After not a peep throughout the trial and its aftermath, Kollin Elderts' parents have thrown open the flood gates, accusing prosecutors of lies, deceit, and failing to do their job.
“Our entire family felt abandoned by the prosecutors office,” she said at a small press conference in downtown Honolulu.
Click here for Lara Yamada's report.
She said before and during the trial, she spoke with prosecutors every week, then nearly every day.
As the murder trial of Special Agent Christopher Deedy came to a close, she said prosecutors assured her they'd ask for lesser charges too, but that didn't happen.
“We just want this guy in jail, in prison,” said Elderts.
Honolulu Prosecutor Keith Kaneshiro fired back in a statement saying:
"The statements made by the Elderts family are not true. No promises were ever made regarding charges."
After closing arguments in August, Judge Karen Ahn agreed with Deputy Prosecutor Janice Futa that there was no evidence to support lesser charges -- such as Manslaughter or Reckless Endangerment.
Deedy's Attorney Brook Hart said he agreed, reiterating what he said during the trial, that when Deedy pulled his gun in self-defense the special agent intended to shoot to kill.
“If they had had an opportunity to at least consider manslaughter, we may not be sitting here today, said Attorney Michael Green who is representing the Elderts family in a civil suit.
But that civil suit will come only after any criminal proceedings that could take months, if not years.
Hart said on Friday, he and Deedy’s new lead attorney Tom Otake, have serious concerns about Green making statements before a criminal case and a civil trial have been held.
“Our family's broken,” said Jenell Elderts.
“What helped you get though this?” KITV reporter Lara Yamada asked Elderts’ father Kendall.

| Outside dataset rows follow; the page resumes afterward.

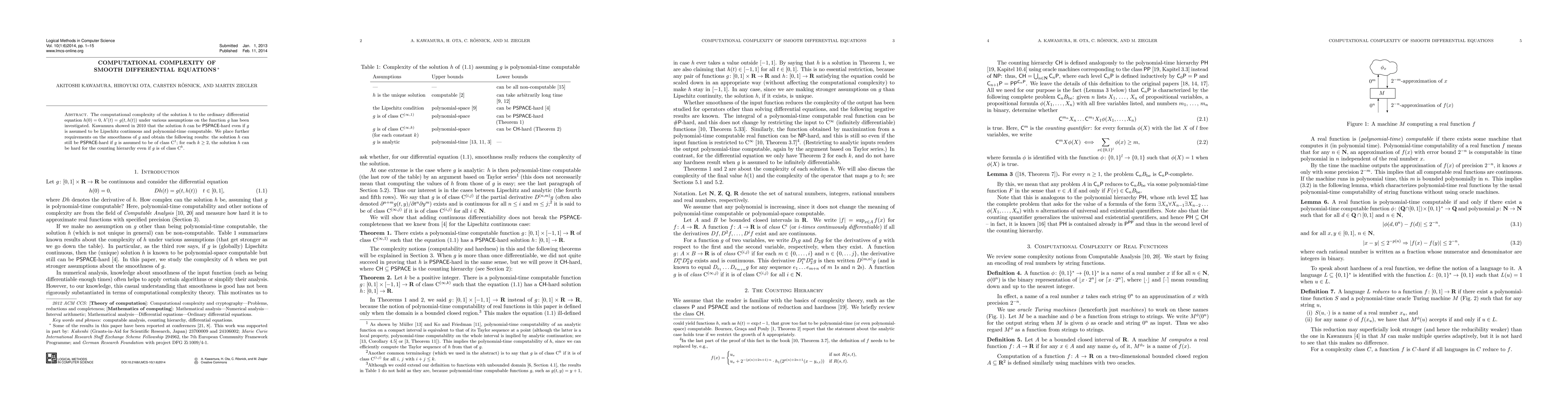 The computational complexity of the solutions $h$ to the ordinary differential equation $h(0)=0$, $h'(t) = g(t, h(t))$ under various assumptions on the function $g$ has been investigated. Kawamura showed in 2010 that the solution $h$ can be PSPACE-hard even if $g$ is assumed to be Lipschitz continuous and polynomial-time computable. We place further requirements on the smoothness of $g$ and obtain the following results: the solution $h$ can still be PSPACE-hard if $g$ is assumed to be of class $C^1$; for each $k\ge2$, the solution $h$ can be hard for the counting hierarchy even if $g$ is of class $C^k$.
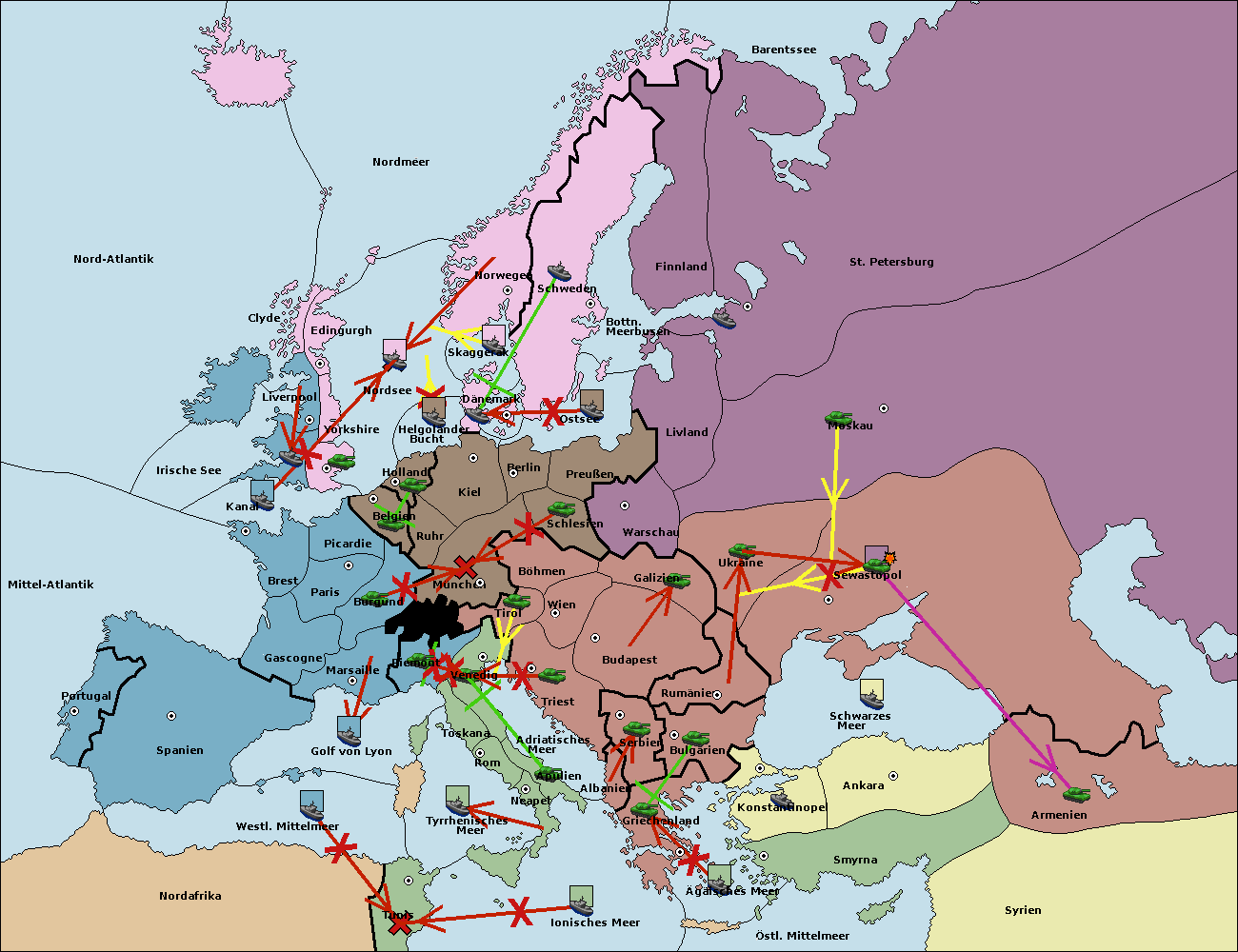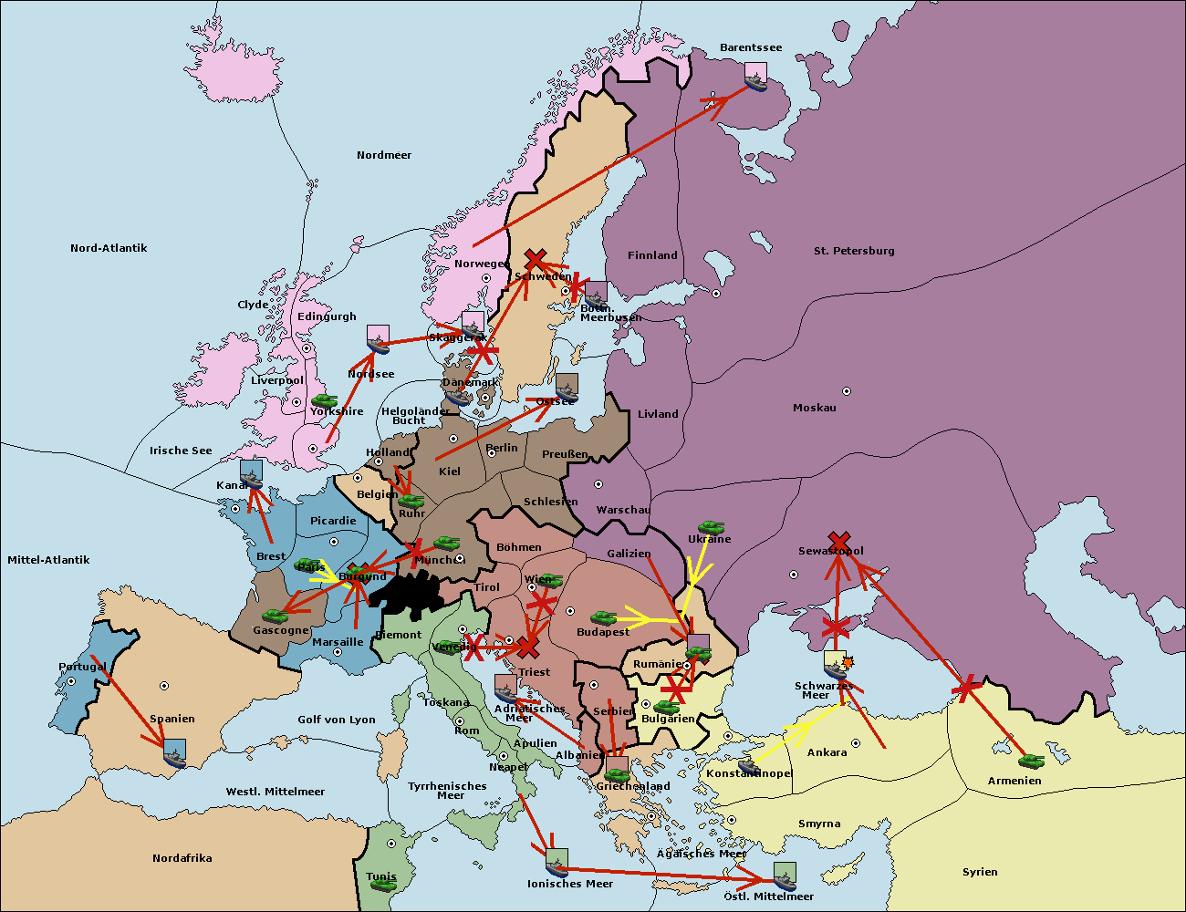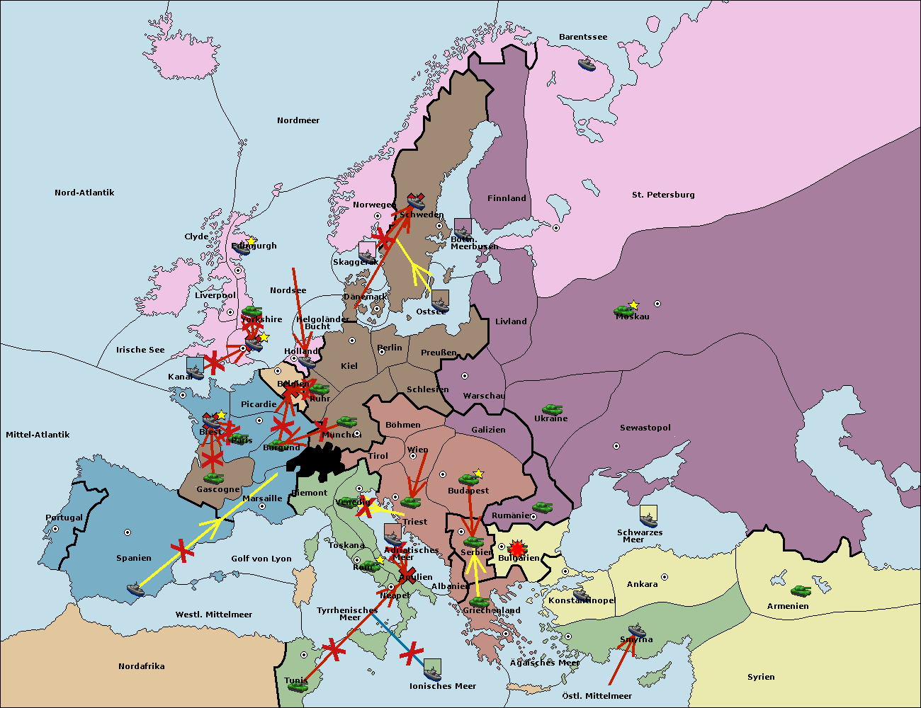 • Die Armee in Bulgarien wird zerstörtFlotte in Bulgarien gebaut.
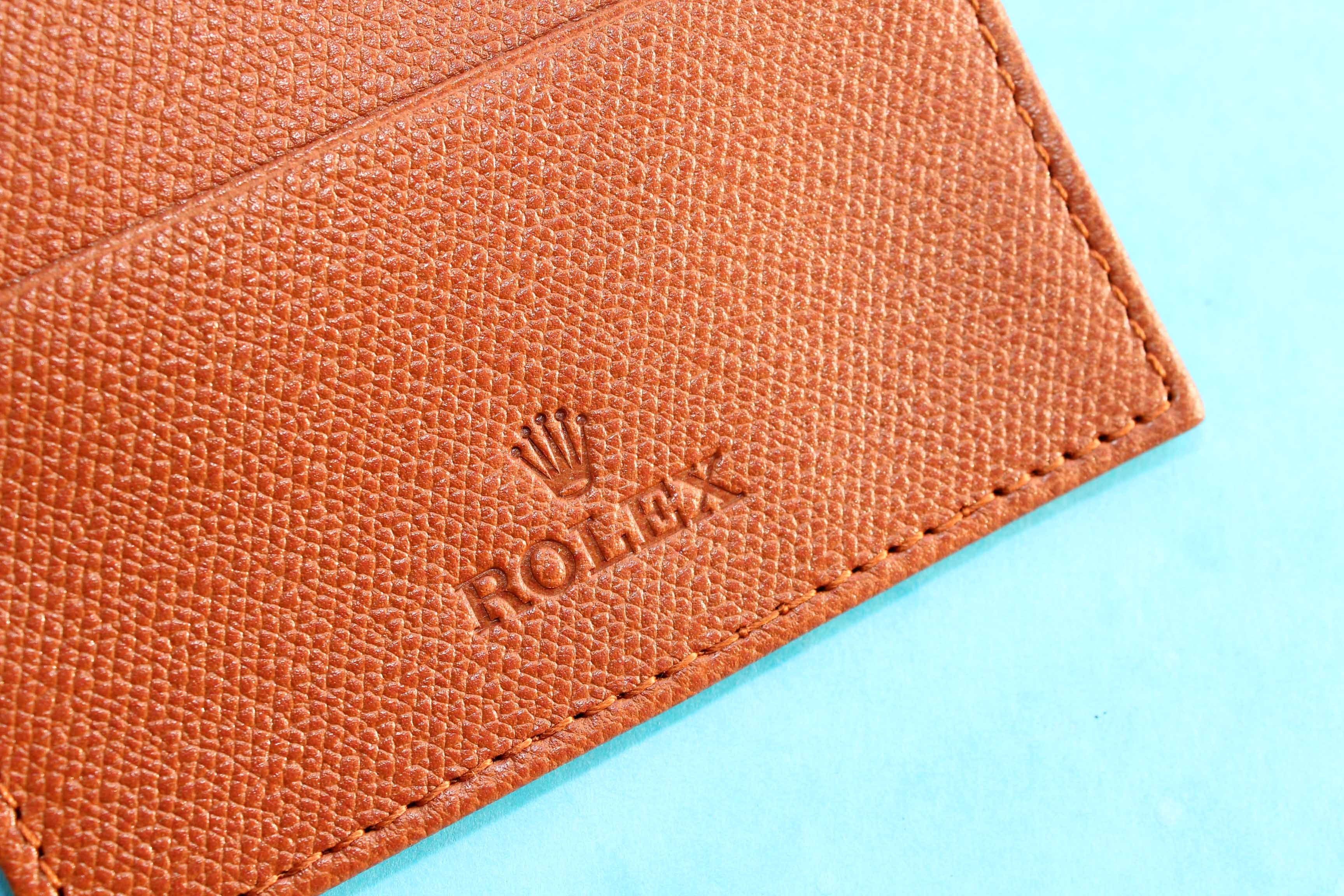 This item is a beautifull brown tobacco color ROLEX Card Certificate Holder LEATHER Wallet from AIR KING, EXPLORE,R DAYTONA, DAYDATE WATCHES....
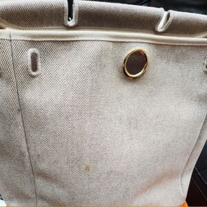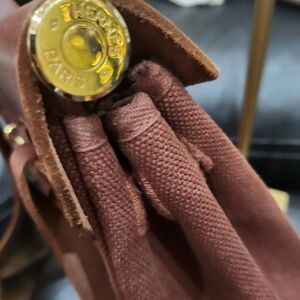 Gorgeous Hermes Herbag 2 bags backpack in brown with the second interchangeable bag in ivory beige. Backpack straps can be removed allowing for use of the leather handle and convert to a beautiful handbag with leather handles. Pre-loved pre-owned in good condition, corners intact with no rubbing, no holes, some scratches on leather by handles. There is a small spot on the beige bag, not noticeable, very small. Leather handles are in very good condition., intact with no wearing. Authenticity guaranteed. Comes with original garment bag, second canvas larger bag in beige, and leather clochette. Dimensions: brown bag, 11" W x 10"L.
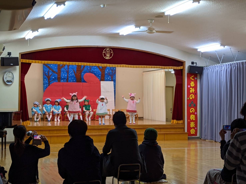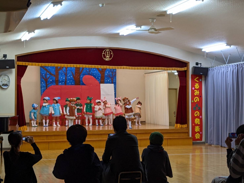 さて、土曜日には、『くるみの森の発表会🎄(満3歳児・3歳児2クラス・4歳児)』を実施しました。
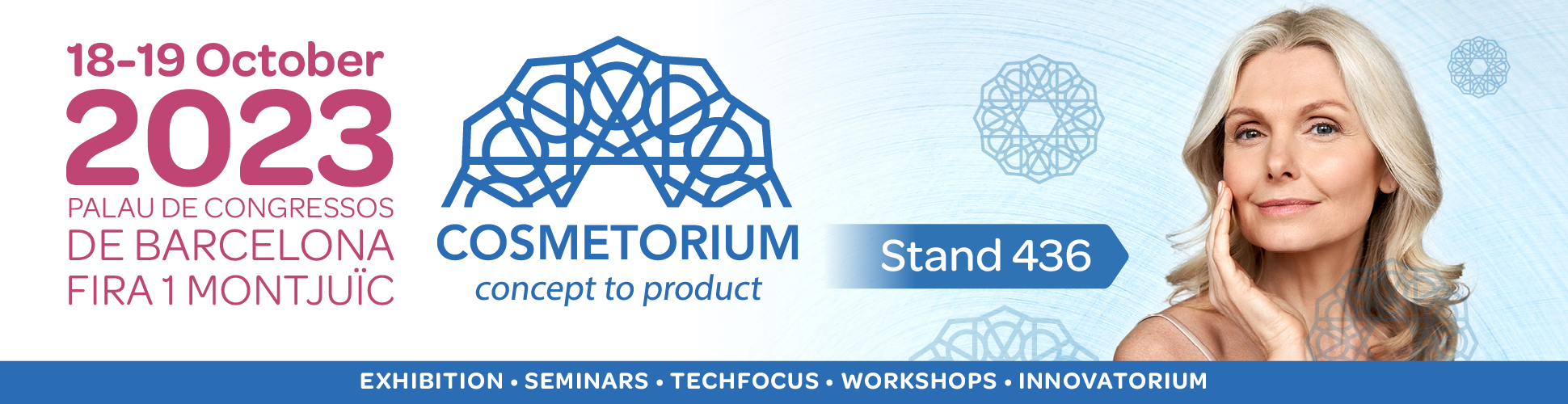 – COSMETORIUM: The COSMETORIUM exhibition will be held during the 18th and 19th October. This event will take place at Palau de Congressos de Barcelona. Where you can find many indispensable tools for the creation and manufacture of innovative cosmetic products. You will find us at Stand 436.
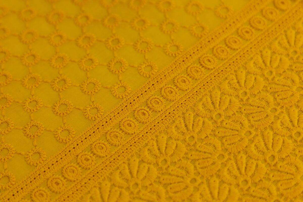Cotton is a soft, fluffy, natural fiber that is used in the apparel industry. It can be woven or knitted. Cotton embroidery fabrics can be used for designing a plethora of fabrics. The material is finely spun and highly twisted, that makes the cotton fabric durable and strong. Cotton Embroidery is smooth and breathable textile. |
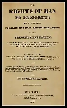 - The Rights of Man to Property! - Being a Proposition to Make It Equal Among the Adults of the Present Generation, and to Provide for Its Equal Transmission to Every Individual of Each Succeeding Generation on Arriving at the Age of Maturity. New York: Thomas Skidmore, 1829.
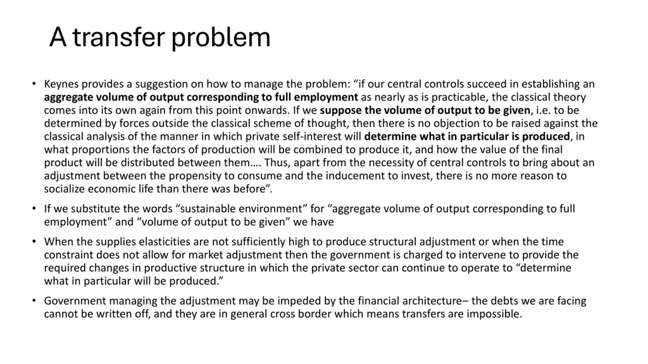 A transfer problem Keynes provides a suggestion on how to manage the problem: if our central controls succeed in establishing an aggregate volume of output corresponding to full employment as nearly as is practicable, the classical theory comes into its own again from this point onwards. If we suppose the volume of output to be given, i.e. to be determined by forces outside the classical scheme of thought, then there is no objection to be raised against the classical analysis of the manner in which private self-interest will determine what in particular is produced, in what proportions the factors of production will be combined to produce it, and how the value of the final product will be distributed between them . Thus, apart from the necessity of central controls to bring about an adjustment between the propensity to consume and the inducement to invest, there is no more reason to socialize economic life than there was before . If we substitute the words sustainable environment for aggregate volume of output corresponding to full employment and volume of output to be given we have When the supplies elasticities are not sufficiently high to produce structural adjustment or when the time constraint does not allow for market adjustment then the government is charged to intervene to provide the required changes in productive structure in which the private sector can continue to operate to determine what in particular will be produced. Government managing the adjustment may be impeded by the financial architecture the debts we are facing cannot be written off, and they are in general cross border which means transfers are impossible.
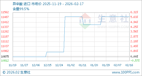 2月17日,生意社异辛酸基准价为11500.00元/吨,与本月初持平。
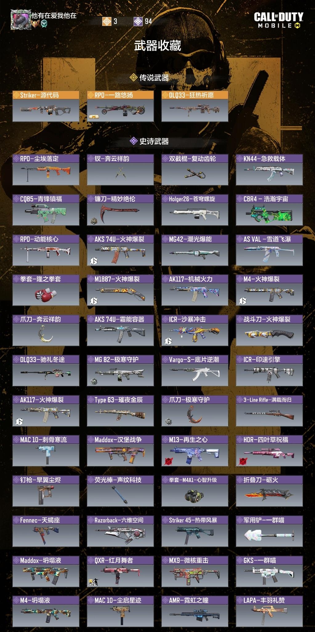 QS57 天花板账号 Striker-源代码 DLQ33-狂热祈愿 RP0--路悠扬 3太阳 QS57 包人脸 安全提醒【安q-等级191-神话枪皮0-神话角色0-传说枪皮3-传说角色0-传说载具0-钻石皮-紫枪94-角色26-载具58】传说武器:Striker-源代码 DLQ33-狂热祈愿 RP0--路悠扬
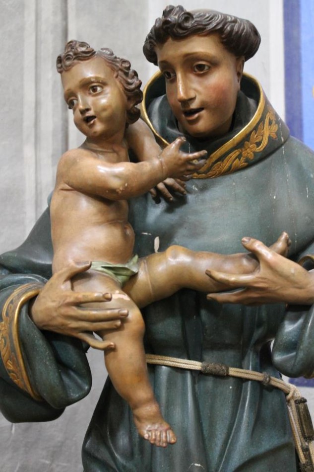 Esta escultura constituye una espléndida imagen devocional que representa a San Antonio de Padua con el Niño Jesús en brazos. La talla muestra al santo con una expresión dulce de arrobo místico sobre una base de nubes en la que aparecen un buen número de ángeles. La ejecución y los modelos de la obra remiten directamente a la escultura académica valenciana, y recuerdan muy de cerca la producción de algunos autores como José Esteve Bonet o Ignacio Vergara, por lo que su fecha de ejecución debe de situarse a finales del siglo XVIII.
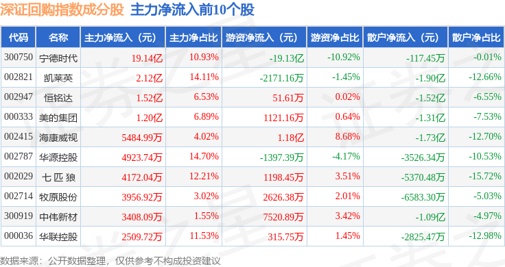 资金流向方面,深证回购(970063)指数成份股当日主力资金净流入合计18.73亿元,游资资金净流出合计16.57亿元,散户资金净流出合计2.16亿元。成份股资金流向详情见下表:
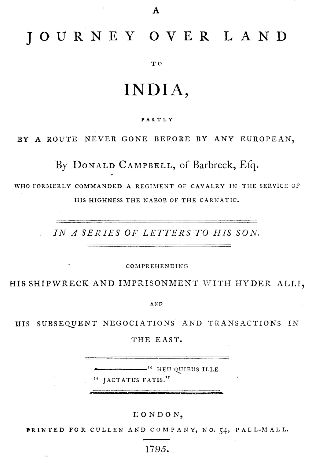The tenderness of a fond father’s heart admonishes me, that I should but poorly requite the affectionate solicitude you have so often expressed, to become acquainted with the particulars of my journey over land to India, if I any longer withheld from you an account of that singular and eventful period of my life. I confess to you, my dear boy, that often when I have endeavoured to amuse you with the leading incidents and extraordinary vicissitudes of fortune which chequered the whole of that series of adventures, and observed the eager attention with which, young though you were, you listened to the recital, the tender sensibility you disclosed at some passages, and the earnest desire you 2expressed that “I should the whole relate,” I have felt an almost irresistible impulse to indulge you with an accurate and faithful narrative, and have more than once sat down at my bureau for the purpose: but sober and deliberate reflection suggested that it was too soon, and that, by complying with your desire at such a very early period of your life, I should but render the great end that I proposed by it abortive, frustrate the instruction which I meant to convey, and impress the mere incident on your memory, while the moral deducible from it must necessarily evaporate, and leave no trace, or rather excite no idea, in a mind not sufficiently matured for the conception of abstract principles, or prepared by practice for the deduction of moral inferences.
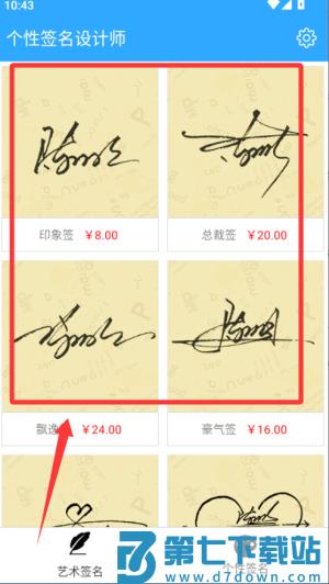 1、打开个性签名设计师app,选择艺术签名功能,输入你的名字并挑选喜欢的字体风格一键生成专属签名。

“My sons,” he said, with tears welling in his eyes.
Elderts dad barely spoke during the interview.
He said he lost his job in attending the trial every day, and months after the trial began, is still devastated by the fact that his son is gone.
“It is difficult. (Kollin) was my best friend,” said the senior Elderts.
Jenell Elderts said she continued to work so Kendall could attend the trial, despite losing his job.
But, he said, he is excited about starting his new job soon.
Deedy's second trial is scheduled for June 16th.